The flamboyant and - at last - young and healthy leader of the motherland of communism set about the task with enthusiasm. He announced major reforms and his desire to remake the country by means of perestroika, a term which in Russian means conversion in an almost religious sense, translated very technocratically as "restructuring". He knew that economic changes had to be accompanied by political changes. The Soviet system functioned as a pyramidal mafia in which corruption was omnipresent, with those at the bottom systematically bribing those at the top to ensure clientelistic favor. It was necessary to return to Lenin and to "true" communism, synonymous with undoubted success.

He was confident that his first economic reform program would remedy status within a year or so. As soon as it was implemented, the status worsened markedly. The turmoil continued for several years until something less cosmetic and more profound was implemented. By then things were even worse. Discontent was growing irremediably.

The regional party leaders soon became aware of the danger they were in and began to defend their prerogatives and their autonomy: this was the beginning of the disbanding, the nationalist escalation and the birth of a new oligarchic system.

Abroad, Gorbachev needed to resize a foreign policy that was unsustainable due to its cost. There he did achieve what his predecessors had tried without success: to get closer to Westerners, to seduce them instead of confronting them, to appear attractive. The success of his image was spectacular until he achieved the so-called Gorbymania in Germany, won over Margaret Thatcher, reached an understanding with Ronald Reagan and Helmut Kohl, and obtained substantial credits and economic advantages from them. In return, Gorbachev gave smiles... and disarmament. There was something else: he was convinced that the West would not attack.

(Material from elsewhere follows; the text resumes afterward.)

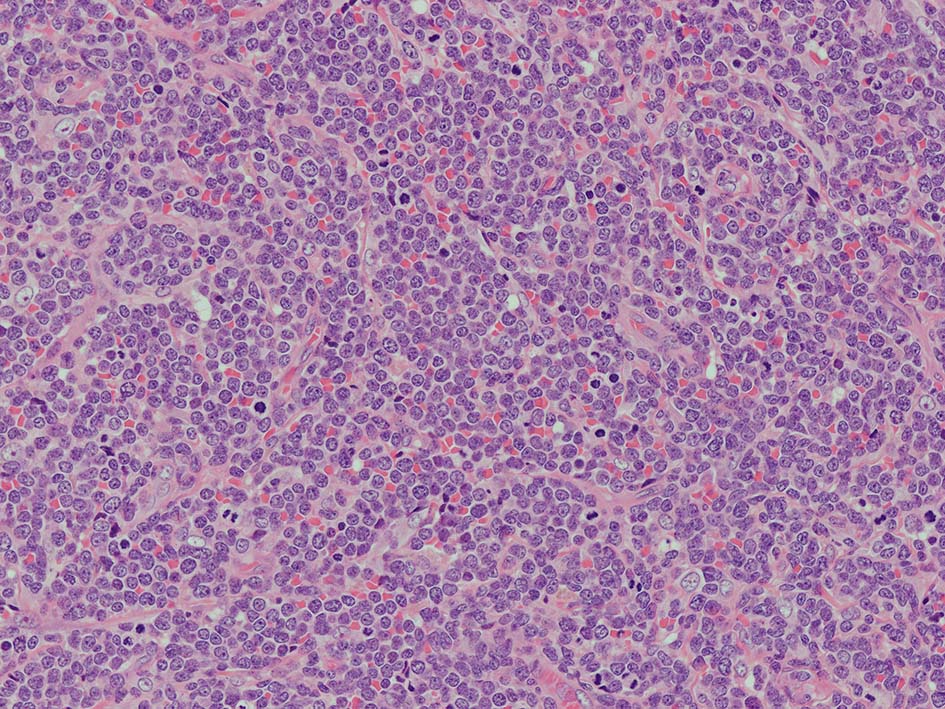 loupe像Aの領域: 精細管をスペアするように, 小型リンパ球優位, 一部中型のlymphoid cellsがシート状密に浸潤増殖する. tubulesのほとんどにはlymphoid cellsが浸潤していないが, LELに似たようなlympho-tubular lesionが少数認められた. x400高倍率では, 増殖細胞は, 粗く, 凝集したクロマチンをもつ類円形, non-cleavedな核をもつ細胞質の乏しいlymphoid cellsである. 核小体か凝集したクロマチンかわかりにくい.

This deactivated the Cold War mechanism after 1988.

The European satellite republics, which he asked to sustain themselves and freed from the doctrine of limited sovereignty, accelerated the changes, especially in Poland, soon followed by Hungary, Czechoslovakia and the GDR. It was to Gorbachev's credit that he renounced the use of force to hold them back when, contrary to what he thought would happen, they repudiated socialism in semi-free elections.

Gorbachev appeared as a bearer of freedom outside, while inside he was the bearer of new problems. Separatisms spread inside the USSR and, after a timid attempt to repress them, he resigned himself to consenting to them. Those who wanted to preserve the USSR attempted a coup d'état in August 1991 to prevent it. It failed: Russia itself caught the separatist virus, distanced itself from the USSR and emptied it of content. Gorbachev's reformist dream vanished. His failure opened the door to bright new opportunities for his external adversaries and his forced servants. They would remember him as a brilliant reformer misunderstanding his failure.

Its history attests to the failure of communist ideology in the Soviet world and the rise of the image in the West.